Sunday, April 24, 2011

Sort Merge Outer Join : Oracle Tuning Tip#24



TOPIC:
Sort Merge Outer Join

DEFINITION:
In this, we are going to discuss the last outer join technique provided by Oracle, “Sort Merge Outer Join”.

To perform sort merge outer join, Oracle follow these steps[assume table-a is outer-joined with table-b]:
1.     Oracle read all the required records from table-a and sort the data by the joining column(s)
2.     Oracle read all the required records from table-b and sort the data by the same joining column(s)
3.     Oracle then compare all these sorted data from both these tables record-by-record based on the joining column(s)
4.     Oracle return the record from table-a if it has a matching record from table-b and returns the value for all the columns mentioned in the query
5.     Oracle even return the record from table-a if it can’t find a matching record from table-b and returns NULL for table-b’s columns(s) mentioned in the query

In this join, there is no concept of driving & driven table like nested loop outer join.
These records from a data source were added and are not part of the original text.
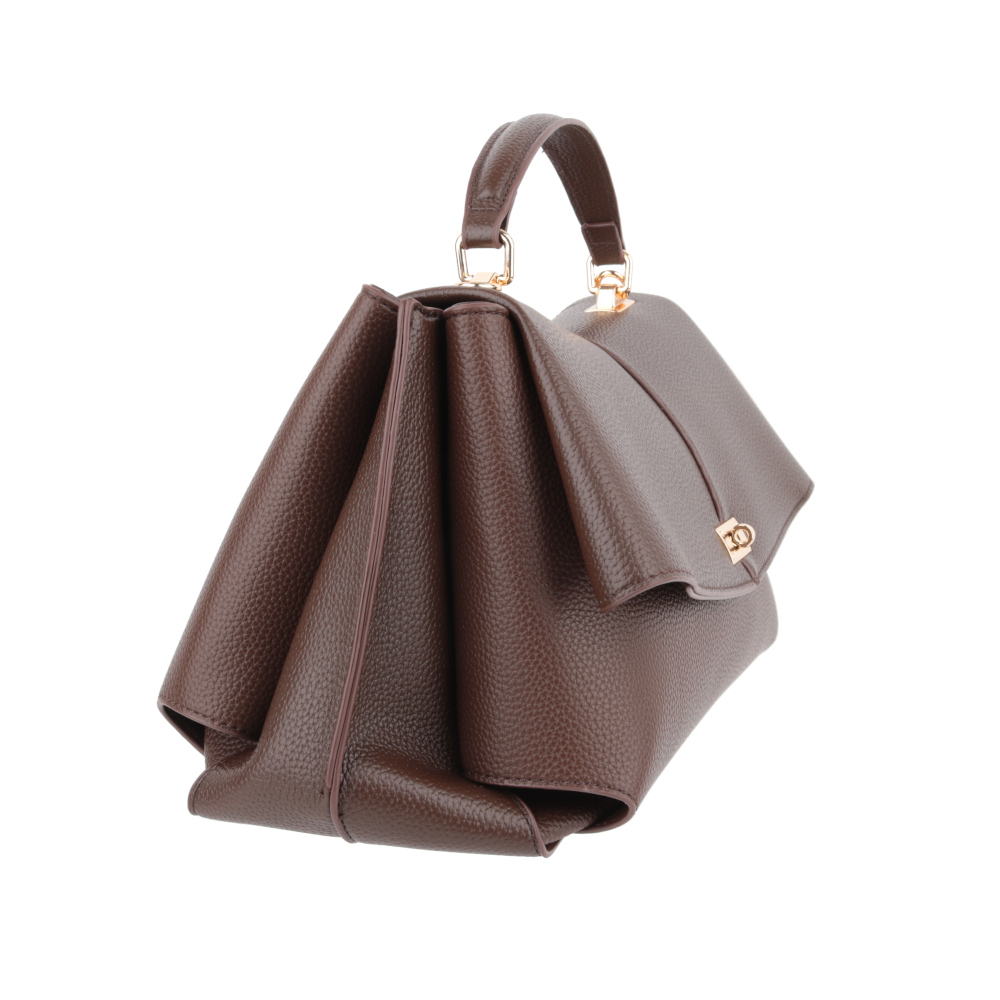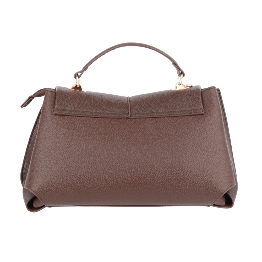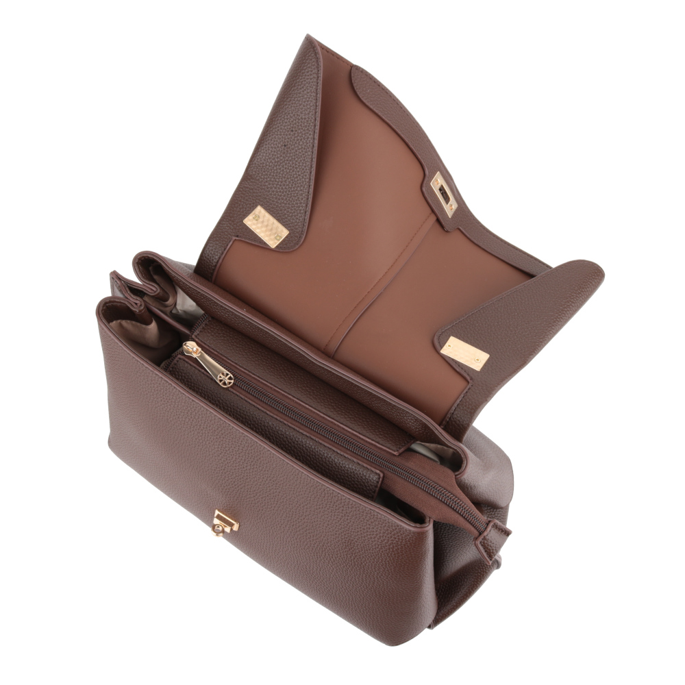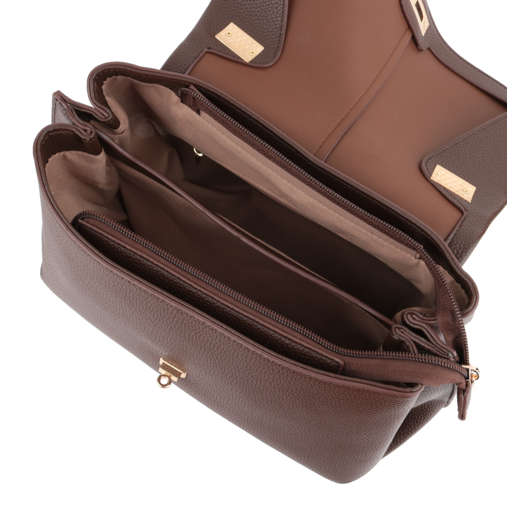 Mākslīgās ādas soma sievietēm. Izmērs: 35 × 19 × 17 cm. Krāsa – brūna.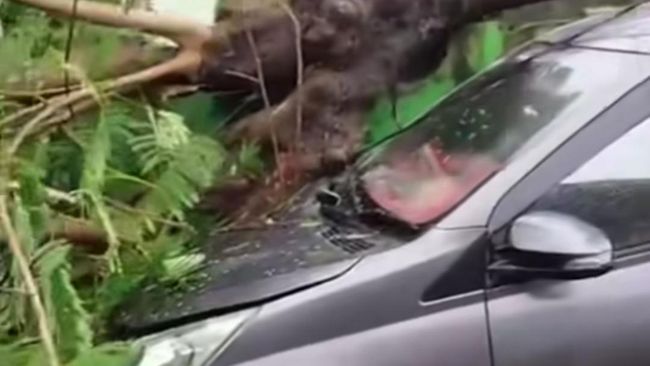 Sebuah pohon tumbang menimpa mobil yang terparkir di Perumahan Villa Mutiara Biru, Kota Makassar, Sulawesi Selatan (Sulsel). Insiden ini terjadi di tengah hujan deras disertai angin kencang di kawasan tersebut.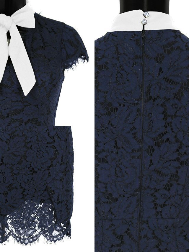 総レースネックリボン半袖スカラップタイトミニドレスの商品詳細1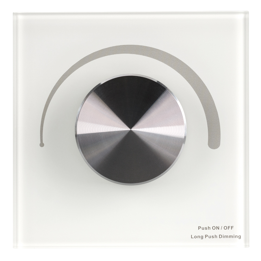 Встраиваемая роторная панель белого цвета из стекла, с защитой от появления мелких царапин. Предназначена для управления одноцветными источниками света (ШИМ) с помощью роторного вращателя. Основные выполняемые функции: включение/выключение света, регулировка яркости. Изделие может использоваться как диммер с 3 параллельными выходами для подключения одноцветных светодиодных лент. Также, возможно применение в качестве однозонного пульта дистанционного управления диммерами и контроллерами серии SMART. Устройство может управляться пультами или панелями серии SMART. К одной панели возможно привязать неограниченное количество диммеров и контроллеров. Устройство совместимо с диммерами и контроллерами серии SMART, с управлением по радиоканалу 2.4G. Питание 12-24В, 4 канала управления, максимальный ток 3А на канал, суммарная мощность нагрузки 144-288 Вт. Габариты 86х86х50 мм, корпус из пластика, лицевая часть из стекла. Устройство устанавливается в стандартного размера монтажные коробки.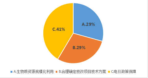 調(diào)查結(jié)果顯示,41%的受訪者認為保障電價政策是促進燃煤生物耦合發(fā)電技改試點工作的最佳方式。認為生物質(zhì)資源規(guī)?;煤秃侠泶_定技改項目技術(shù)方案的受訪者比例相當。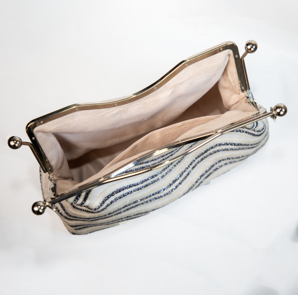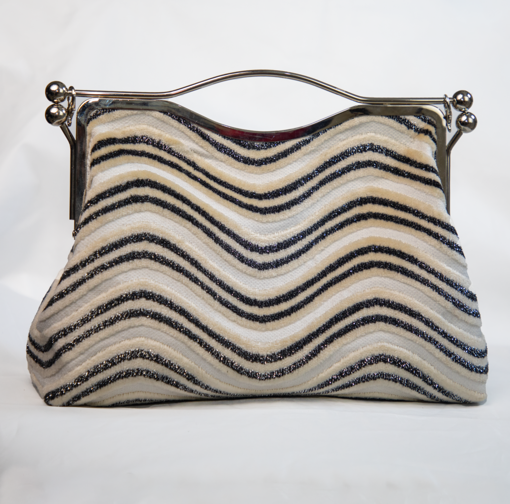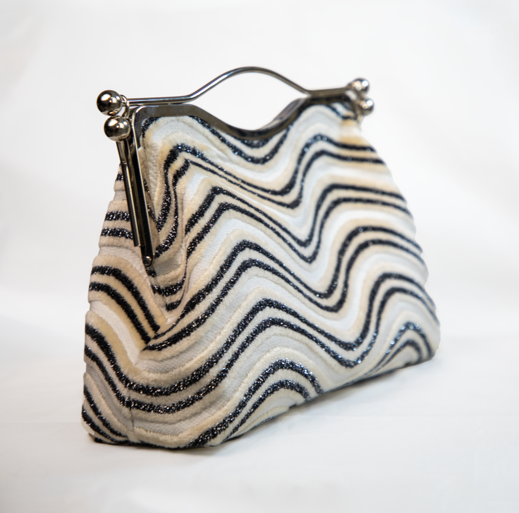 Un sac graphique et moderne en velours beige à rayures ondulées noires pailletées, rehaussé d’une poignée rigide métallique argentée. Élégant, audacieux et lumineux.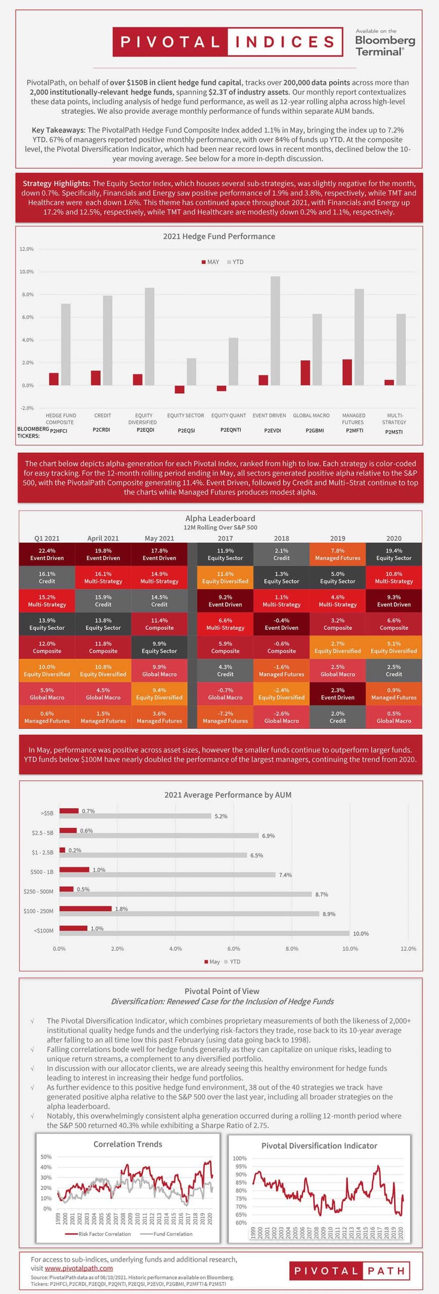 - The PivotalPath Hedge Fund Composite Index added 1.1% in May, bringing the index up to 7.2% YTD. 67% of managers reported positive monthly performance, with over 84% of funds up YTD.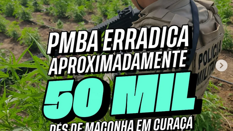 Na sexta-feira (19), a tropa da 45ª CIPM/Curaçá (@45.cipm), atuando na zona rural do município, no norte da Bahia, localizou e erradicou, aproximadamente, 50 mil pés de Cannabis sativa (maconha).
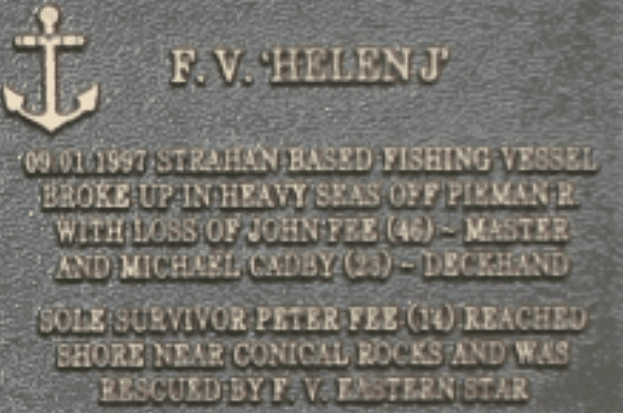 This plaque commemorates the crew of the fishing vessel Helen J. which worked out of Strahan, on the west coast of Tasmania. The Helen J went out to work on 9 January 1997. She left Granville Harbour and was wrecked on a reef off Conical Rocks near Pieman River. Sadly, the Eastern Star that rescued John's son, was lost with her crew six months after the Helen J was wrecked.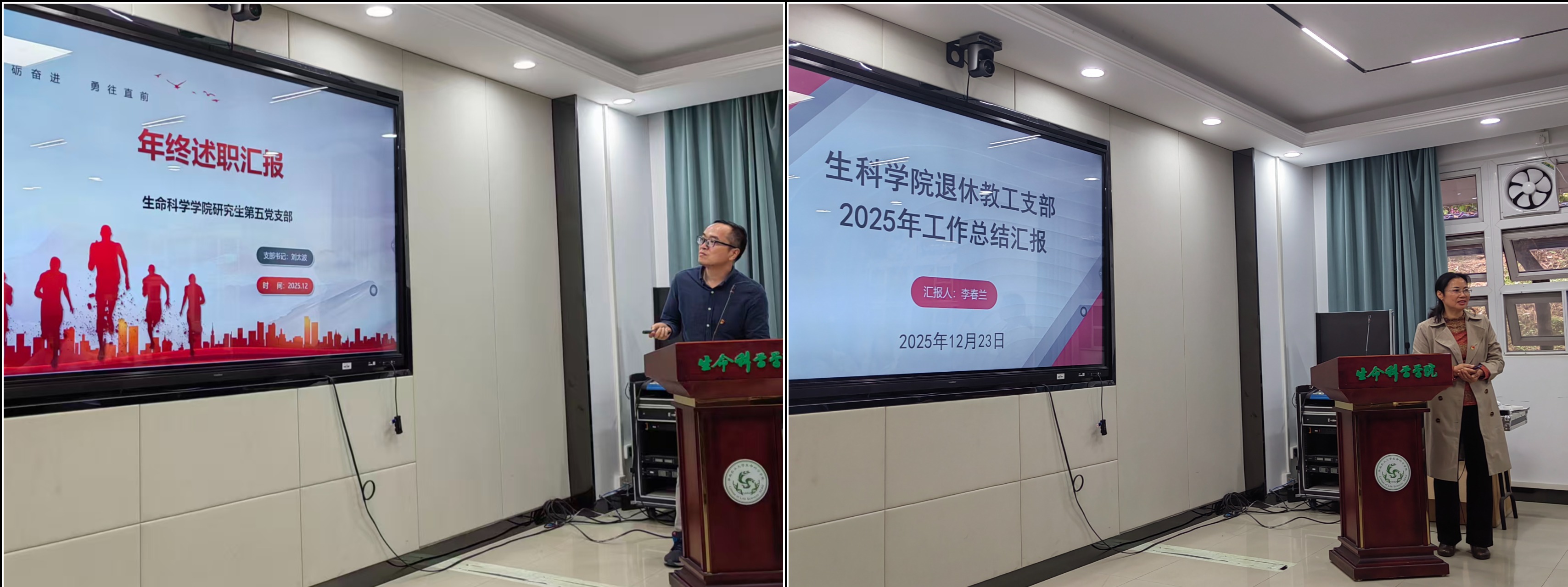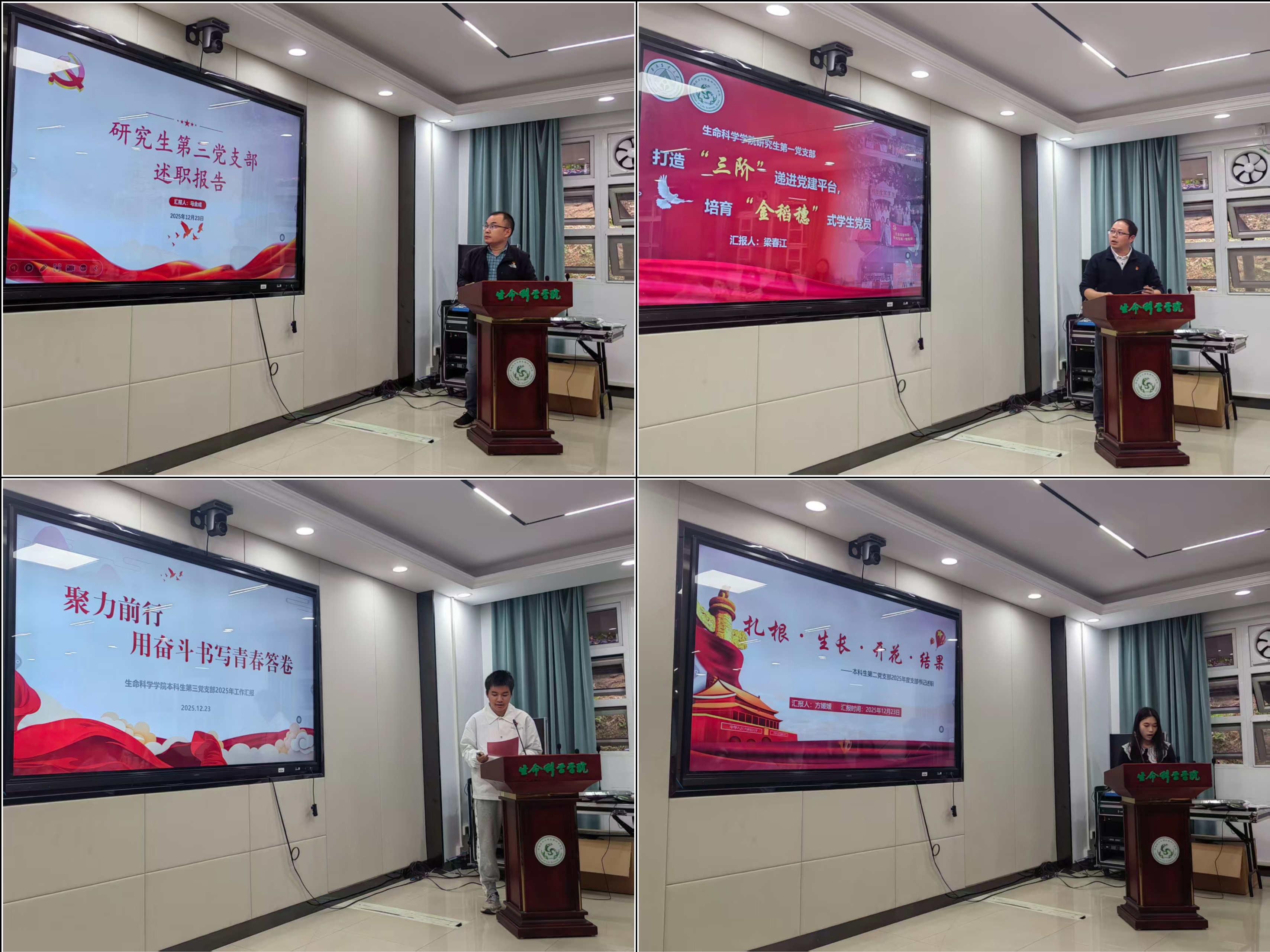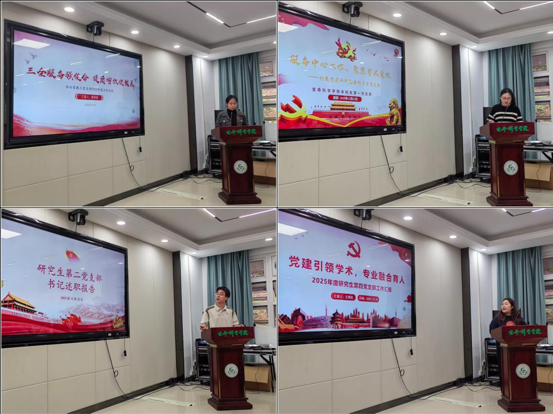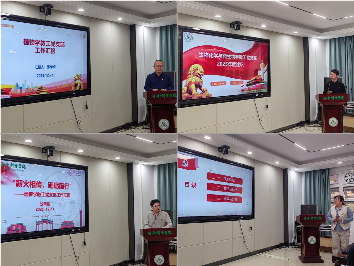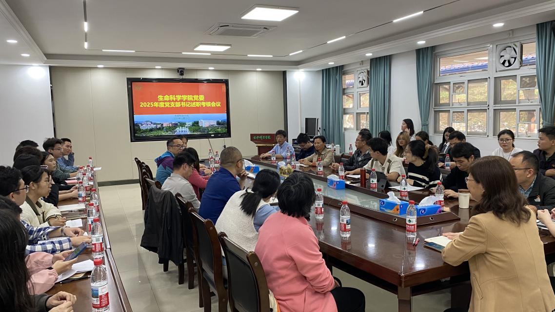 12月23日下午,生命科学学院党委在院楼213会议室召开2025年度党支部书记述职汇报会。学院党委书记吕剑红主持会议,党委副书记安娜、党委委员张荣京、张雪莲,14个师生党支部书记、支委参加会议。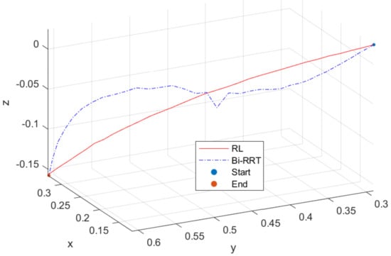 Comparison of trajectory planning between Bi–RRT and RL methods.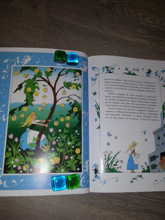 В этой книжке есть еще "Госпожа Метелица" братьев Гримм, тех же иллюстраторов. Прекрасно, но пересказ Полевого читать сложно,я сочиняю от себя)))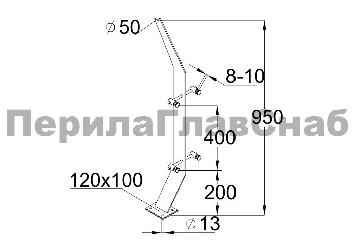 Стойка эксклюзивная с двумя спайдерными стеклодержателями, крепление в пол, нерегулируемый ложемент (AISI 304) k790
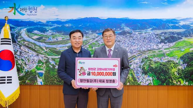 대구 정안철강(주) 정영출 대표와 석진철강(주) 정영식 대표가 합천군 고향사랑기부에 동참하며 각 1000만원씩 총 2000만 원의 기부금을 기탁했다.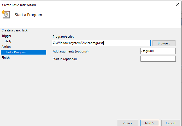 - Dans l'écran suivant, saisissezC:Windowssystem32cleanmgr.exeSection et type de script de programmedans /sagrun:1dans la section Ajouter des arguments comme indiqué ci-dessous –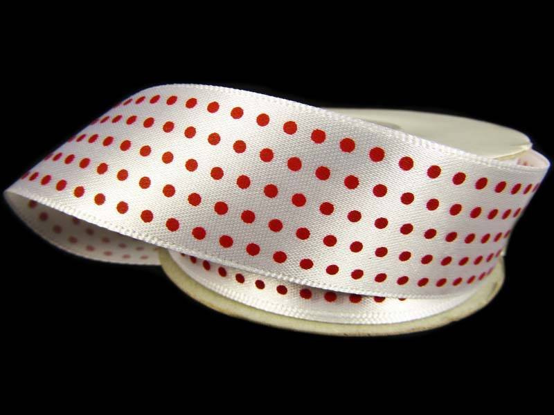 Wstążka 25mm atłas KROPECZKI czerwona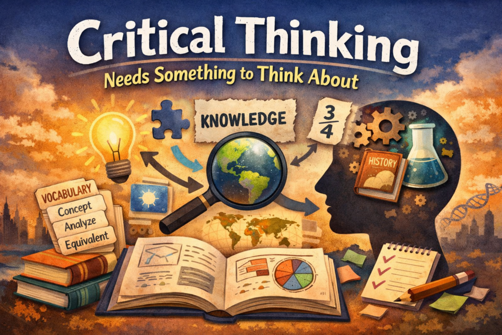 Except it does not work like that. Critical thinking depends on knowledge. Learners cannot think deeply about a topic they know little about. They cannot analyze ideas they do not understand. They cannot make strong judgments about content they cannot access. Thinking has to work on something. Knowledge is that something.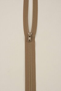 中厚手の生地に適したスタンダードな樹脂ファスナー。スライダーを一番下まで下ろすことで、左右のテープ(チェーン)を離すことができるタイプです。同サイズの金属ファスナーに比べ軽いのが特徴です。
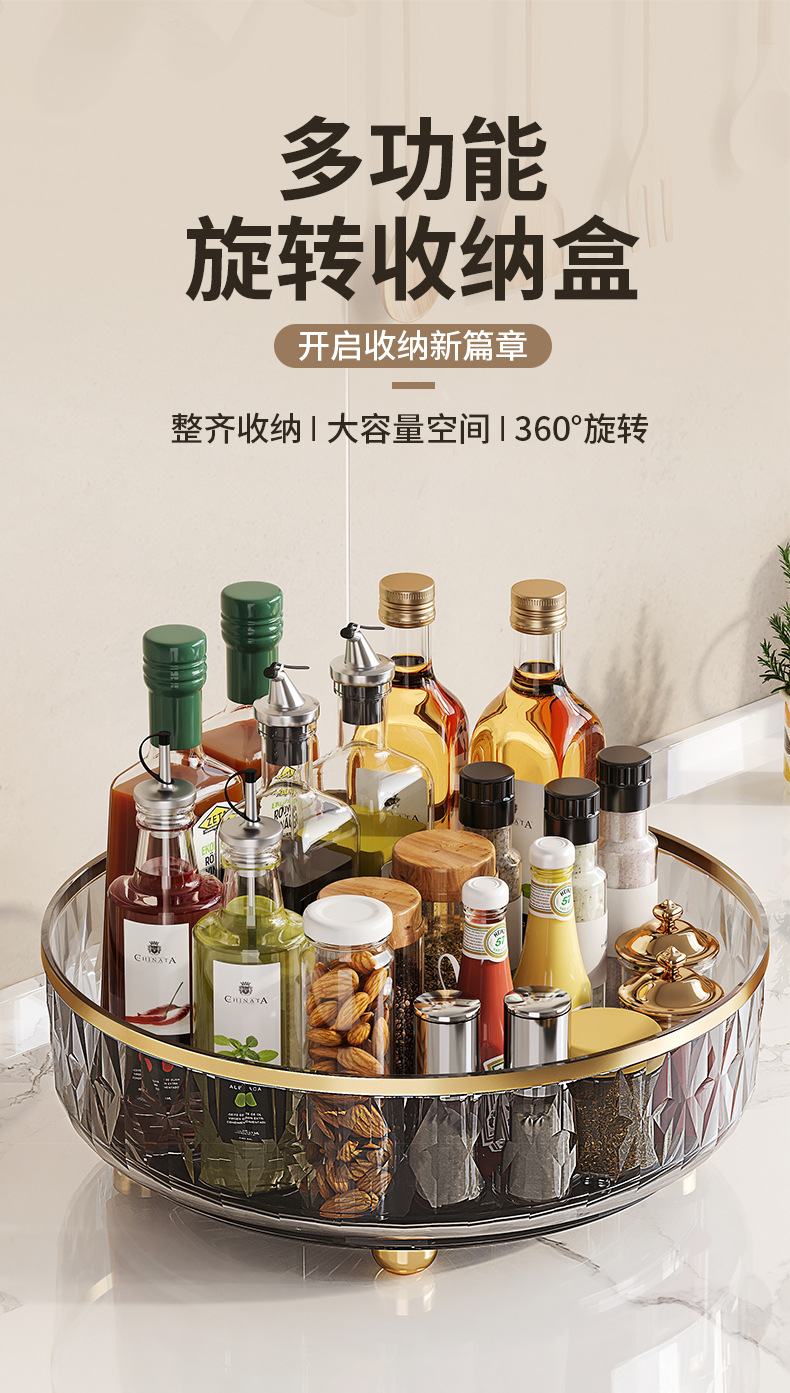新款置物架家用轻奢风厨房大容量可旋转加厚整理收纳调料架批发

Important point to understand is, unlike nested loop outer join, where-in driven(inner) table is read(or accessed) as many number of times as for the each record from the outer table but in sort merge outer join, each of the tables involved are accessed at most once. Actually sort merge outer join has two phases (like sort merge natural join), Sorting & Merging. Step-1 & Step-2 are of Sorting phase and Step-3, Step-4 & Step-5 are of Merging phase. In the sorting phase, all the required records from both the tables are read and then get sorted. In the merging phase, records from both these tables are joined and the matching records as well as the unmatching records from the parent table (table-a) will be returned in the output. So, Sort Merge Natural Join and Sort Merge Outer Join differ only in the merging phase (the phase where the records are going to be merged with each other) but the sorting phase works in the same way for both these joins.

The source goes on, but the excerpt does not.